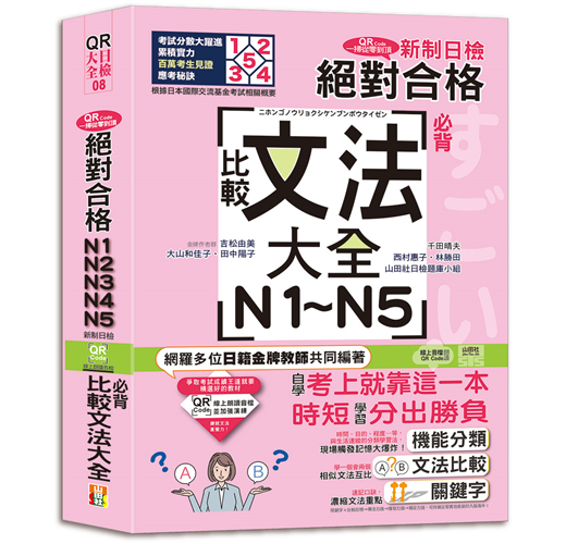 《絕對合格N1,N2,N3,N4,N5必背比較文法大全》現已推出閃亮亮的「QR Code線上音檔版」了。
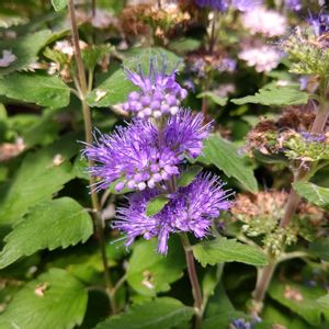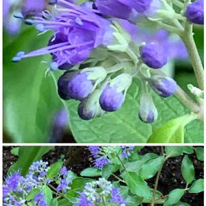おはようございます🌞 今年のカリオプテリスです❣️ 豪雪でボキボキ折れましたが、なんとか新枝に花を咲かせてくれました。 下にチラ見で見えるエルダーフラワーも 悲惨な姿でしたが、復活の兆し❣️ 先ほどカリオプテリスの表示を間違えていた事に気づき修正しています。 名前うろ覚えは危険だわー💦
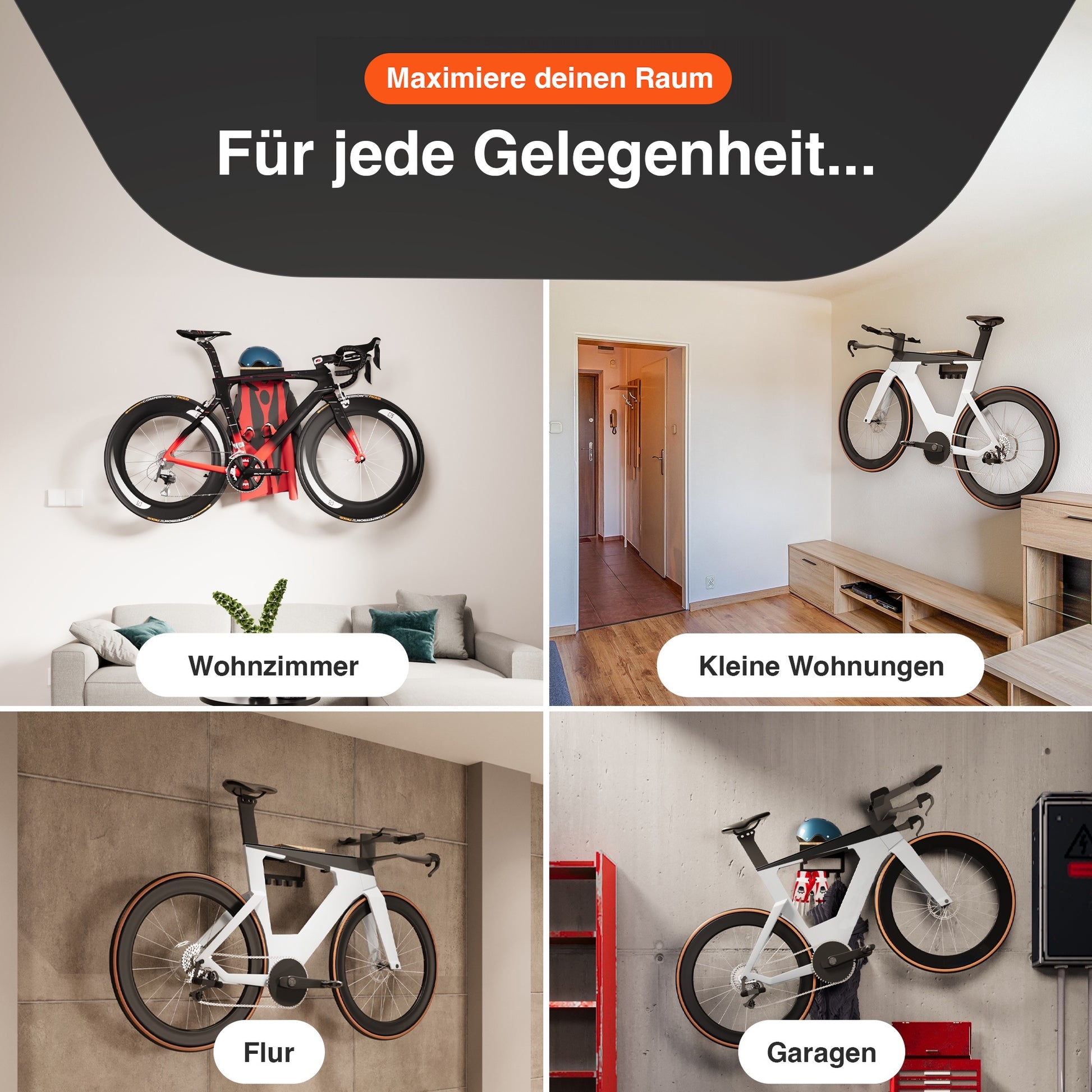 Alle Triathlon-, Renn- und Gravelbikes – bis zu einer Lenkerbreite von 48 cm. Egal ob Aero-Maschine oder Allroad-Bike: Deine Lieblingsausrüstung hat jetzt ihren Platz an der Wand.
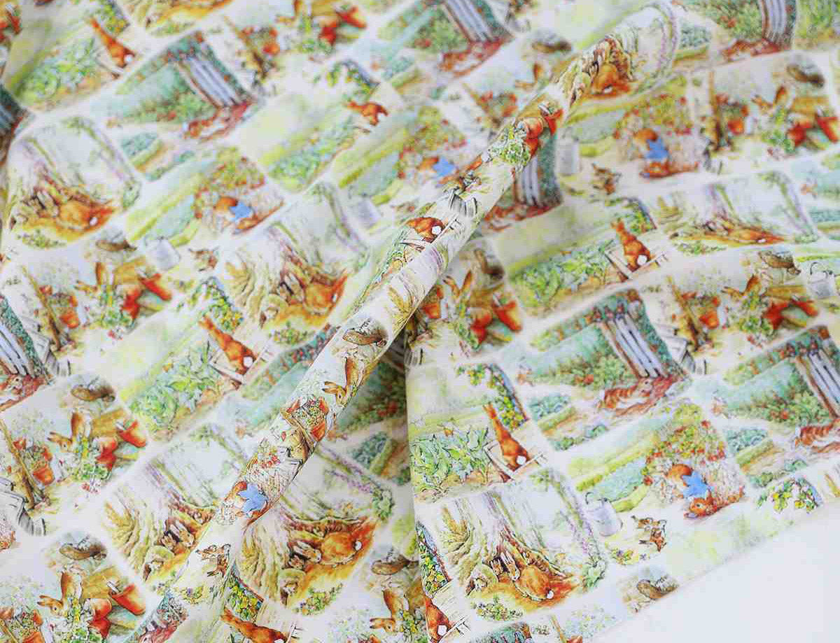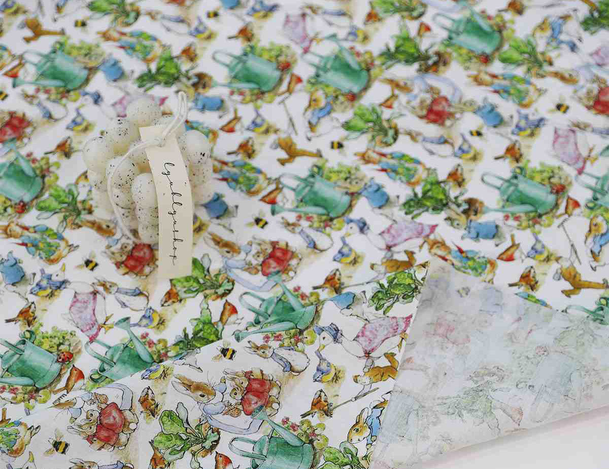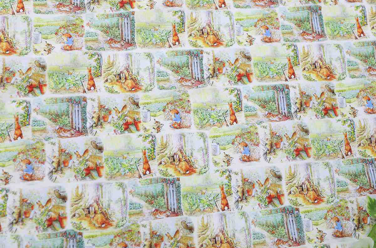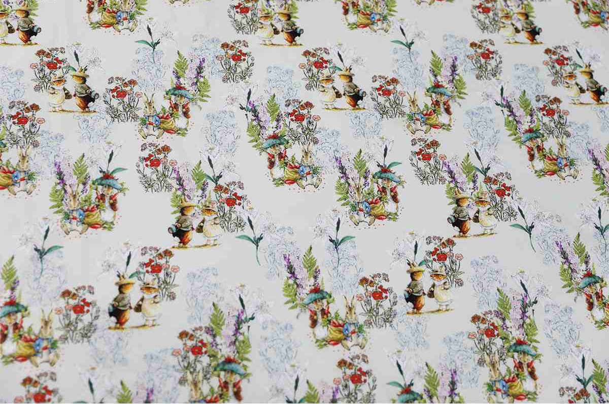 Rabbit Story Bunny Garden Patterned 30s Cotton Fabric printed in Korea
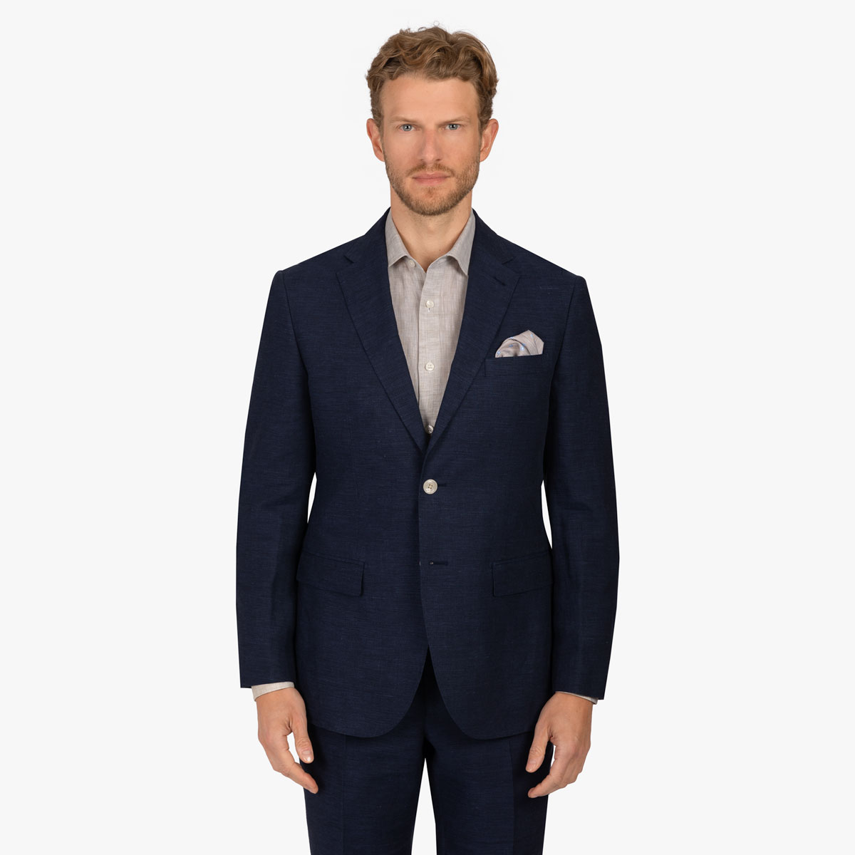 Der blaue Anzug hat einen bequemen Modern Fit und besteht aus einem angenehmen Materialmix aus Leinen und Polyester.
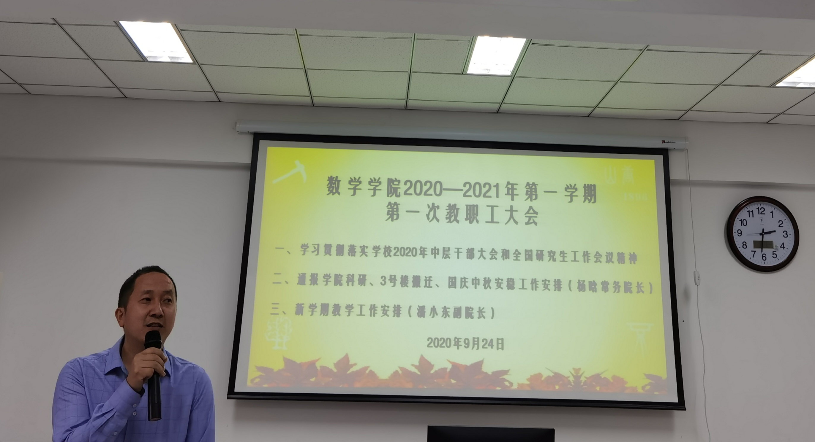 2020-2021年第一学期第一次教职工大会于9月24日在犀浦校区2411召开,会议议题有:1、学习贯彻落实学校2020年中层干部大会和全国研究生工作会议精神;2、通报学院科研、3号楼搬迁、国庆中秋安稳工作安排;3、新学期教学工作安排等。本次会议由学院常务院长杨晗主持。
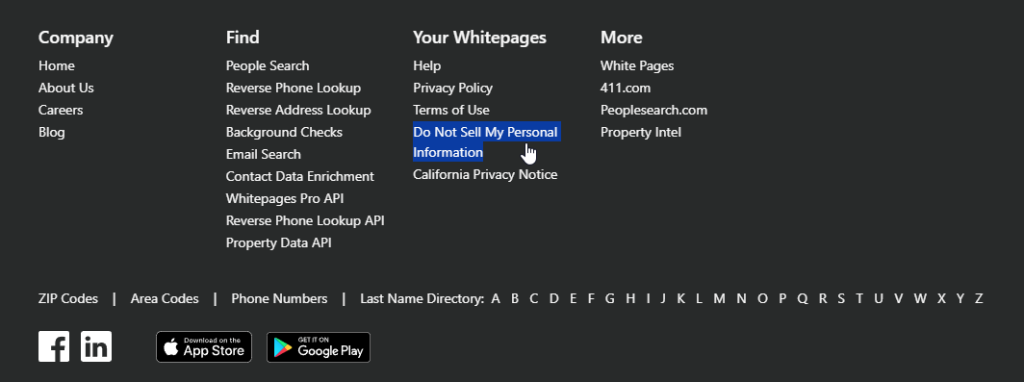 | Opt-out Methods | Whitepages opt-out form/email/mail |
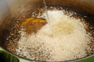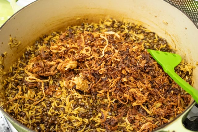 Finally, add half the fried onion to the rice and lentils and stir gently with a fork.
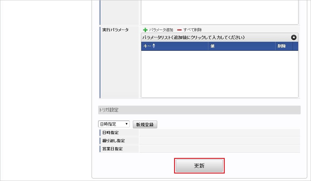 設定が必要な実行パラメータの詳細は、実行パラメータを参照してください。トリガ設定の設定方法は『テナント管理者操作ガイド』を参照してください。コラム
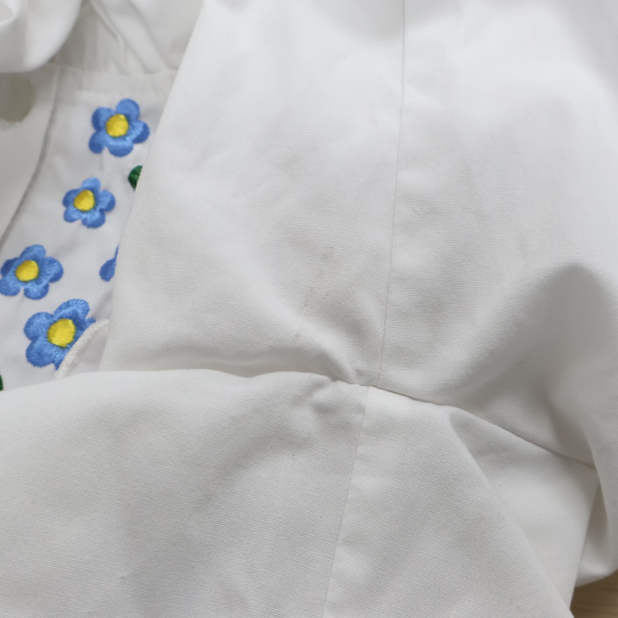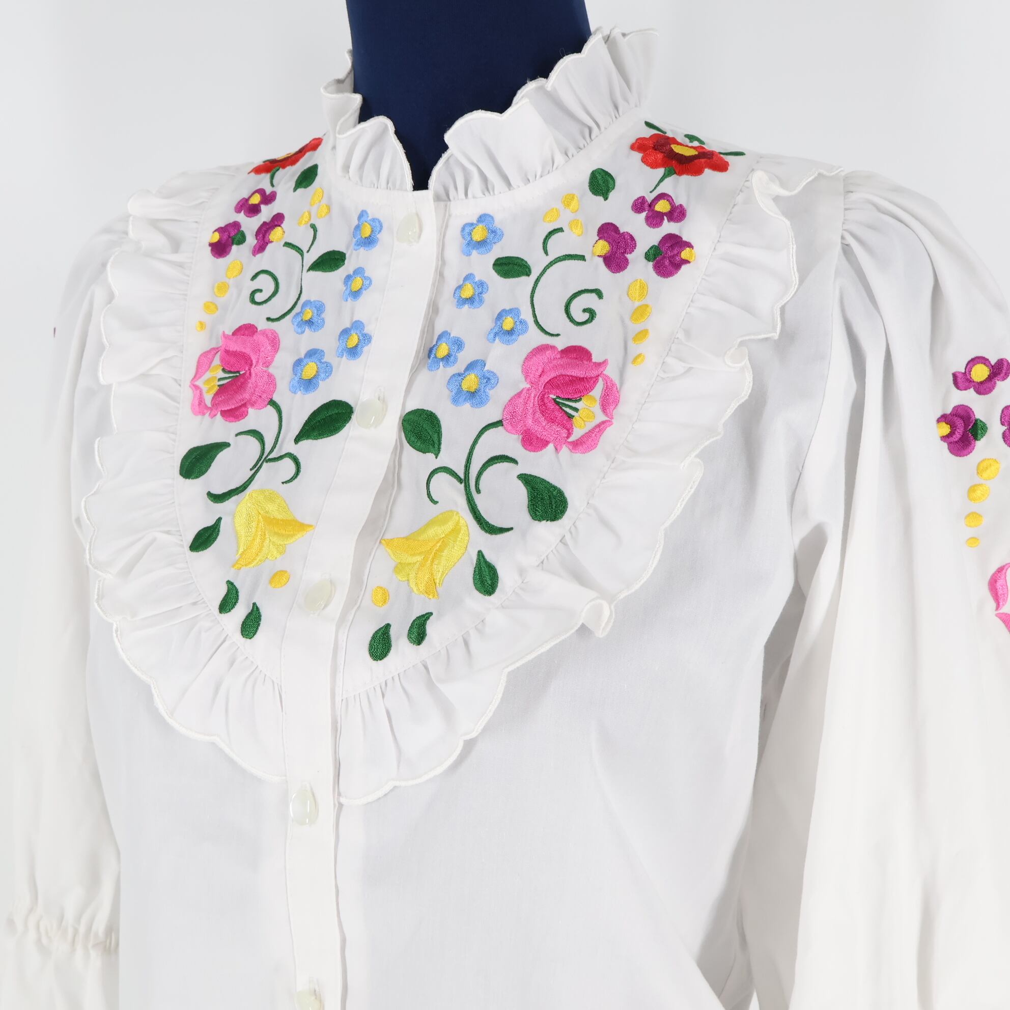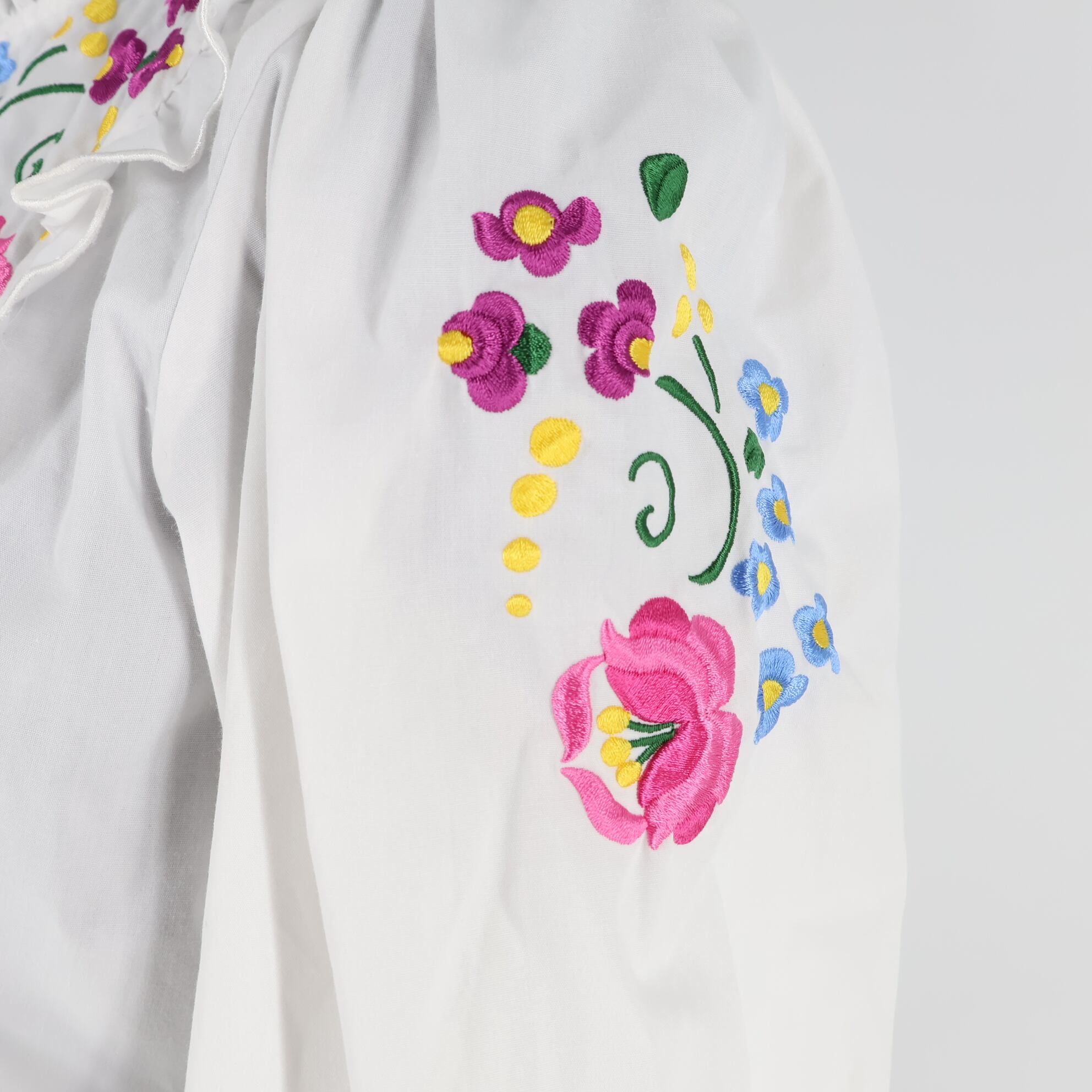 #フォークダンス衣装 #AURORA #ホワイトブラウス #カラフル刺繍 #花柄刺繍 #刺繍トップス #フリルブラウス #七分袖 #ピンクアクセント #赤ポイント #黄色デザイン #水色ディテール #紫カラー #緑アクセント #爽やかコーデ #ダンス衣装 #ダンスコスチューム #ステージ衣装 #古着 #中古 #ENUTSU
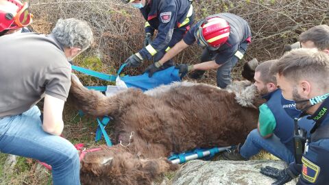 El equipo de emergencias comprobó que la burra, que tuvo que ser sedada antes ser transportada, estaba "muy exhausta" y no podía moverse
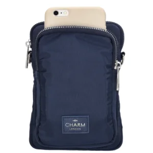 Símataska er ómissandi í úrvalinu þínu. Þeir eru orðnir staðalbúnaður í skáp kvenna. Þessi símataska frá Charm London er vatnsfráhrindandi sem gerir þessa símatösku einstaka. Taskan er með rennilás að framan, aðal og aftan. Það inniheldur einnig auka, lítill poki sem getur geymt lykla eða lausa peninga. Axlarbandið er stillanlegt og færanlegt.
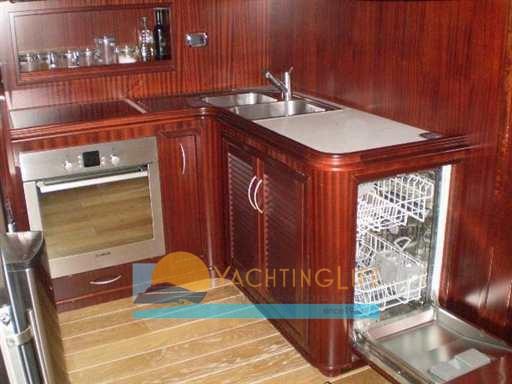 Alarme moteur, Eau sous pression, Passavant en teck, 2 Chargeur de batterie (2022), Douche de cockpit, Flaps hydrauliques, Extincteur(s) fixe(s), Indicateurs de flaps, Spots sous-marins, Passerelle (idraulica), Plateforme arrière (allungata), Pompe de cale automatique, Pompe de cale manuelle, Porte latérale, Cockpit en teck, Prise de quai, Onduleur, Guindeau électrique, Echelle de bain, Selles pour Annexe, table de cockpit, Annexe (a chiglia rigida + motore), Corne, Winch électrique arrière.

EXERCISE DESCRIPTION:
Quote exactly, and only, the lines from the one containing "opt-out form/email/mail |" through the last line of the records above, both included; leave out any pictures.

THE COMPLETED TASK:
 | Opt-out Methods | Whitepages opt-out form/email/mail |
 Finally, add half the fried onion to the rice and lentils and stir gently with a fork.
 設定が必要な実行パラメータの詳細は、実行パラメータを参照してください。トリガ設定の設定方法は『テナント管理者操作ガイド』を参照してください。コラム
 #フォークダンス衣装 #AURORA #ホワイトブラウス #カラフル刺繍 #花柄刺繍 #刺繍トップス #フリルブラウス #七分袖 #ピンクアクセント #赤ポイント #黄色デザイン #水色ディテール #紫カラー #緑アクセント #爽やかコーデ #ダンス衣装 #ダンスコスチューム #ステージ衣装 #古着 #中古 #ENUTSU
 El equipo de emergencias comprobó que la burra, que tuvo que ser sedada antes ser transportada, estaba "muy exhausta" y no podía moverse
 Símataska er ómissandi í úrvalinu þínu. Þeir eru orðnir staðalbúnaður í skáp kvenna. Þessi símataska frá Charm London er vatnsfráhrindandi sem gerir þessa símatösku einstaka. Taskan er með rennilás að framan, aðal og aftan. Það inniheldur einnig auka, lítill poki sem getur geymt lykla eða lausa peninga. Axlarbandið er stillanlegt og færanlegt.
 Alarme moteur, Eau sous pression, Passavant en teck, 2 Chargeur de batterie (2022), Douche de cockpit, Flaps hydrauliques, Extincteur(s) fixe(s), Indicateurs de flaps, Spots sous-marins, Passerelle (idraulica), Plateforme arrière (allungata), Pompe de cale automatique, Pompe de cale manuelle, Porte latérale, Cockpit en teck, Prise de quai, Onduleur, Guindeau électrique, Echelle de bain, Selles pour Annexe, table de cockpit, Annexe (a chiglia rigida + motore), Corne, Winch électrique arrière.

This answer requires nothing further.